She carried her bag with her left hand, while her right hand tugged at her skirts, lifting her hem as she sought for the surest footing over every rock and dip in the road. Most of her belongings were packed into the bag, and she had wondered at how small a space they filled. Her other gown, stockings, gloves, an extra shawl, various drawers and underthings of coarse, plain fabric. She owned no jewels, no fine combs for her hair. There were no ribbons, or lace, or any other bonnets than the plain one of straw she currently had fastened to her head.

It had never occurred to her to long for more than what had been duly provided. The women who came through the inn, in their furs and their silks, their hair curled and cheeks rouged and fingers hidden by gloves of fine kid...

She stretched out her own fingers, the cold seeping in through the rough, nubby weave of her knitted gloves. Her breath appeared as a cloud before her, and with each inhalation, the chill of the air burned in her lungs and caused her eyes and nose to water. It was a journey of over three miles from The Lamb's Head to the great house, a fine walk on a pleasant day, but the sun had yet to burn off the morning's chill, the frost still shimmering on the dead, flattened grass that lined the sides of the road.

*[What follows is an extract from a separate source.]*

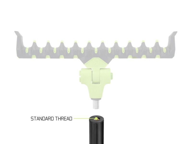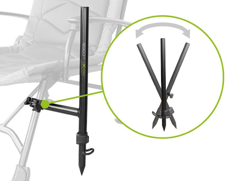 Un support pratique pour des cannes feeder, conçu pour les différents types de buzz bars de la série REAXE. Il est basé sur une construction durable en aluminium en forme de « T » avec des clips plastiques et un filetage polyvalent compatible avec la plupart des buzz bars disponibles sur le marché. Le support est convenable pour un terrain inégal grâce au pied télescopique. Il est possible de le planter au sol pour une meilleure stabilité. Le pied télescopique peut atteindre jusqu'à 23 cm. Il a aussi un clip pour le sécuriser et un cordon solide pour ne pas le perdre. Un clip plastique avec un écrou de sécurité est utilisé pour la fixation à la structure des fauteuils standards et il est tournant pour l'utiliser dans n'importe quel angle. UniFIX COMBI est disponible en couleur noire avec une inscription REAXE, le nom de la série feeder.
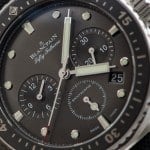 This dive watch is powered by a new automatic manufacture column-wheel chronograph (caliber F385) movement with flyback function. Using the flyback function, you can reset and instantly restart the running chronograph with just one push. Normally, chronographs need to be stopped first before you can reset and restart the chronograph function again. It is safe to do up to 300 meters depht using the water-resistant chronograph pushers. Unlike most water proof chronographs that have screw down pushers, the ones on the Bathyscaphe chronograph are always ready for use.

As she crested the hill, the top of the house came into view. She paused then, to catch her breath and set her bag on the tops of her boots, the better to blow warm air into her hands. Before her, the lane that turned off from the road curved in a grey line away from her, flanked by tall trees, their leafless branches bleak and barren against the frozen landscape. She sniffed, refraining from the urge to wipe her nose on the back of her glove, and pointed her steps in the direction of the winding lane.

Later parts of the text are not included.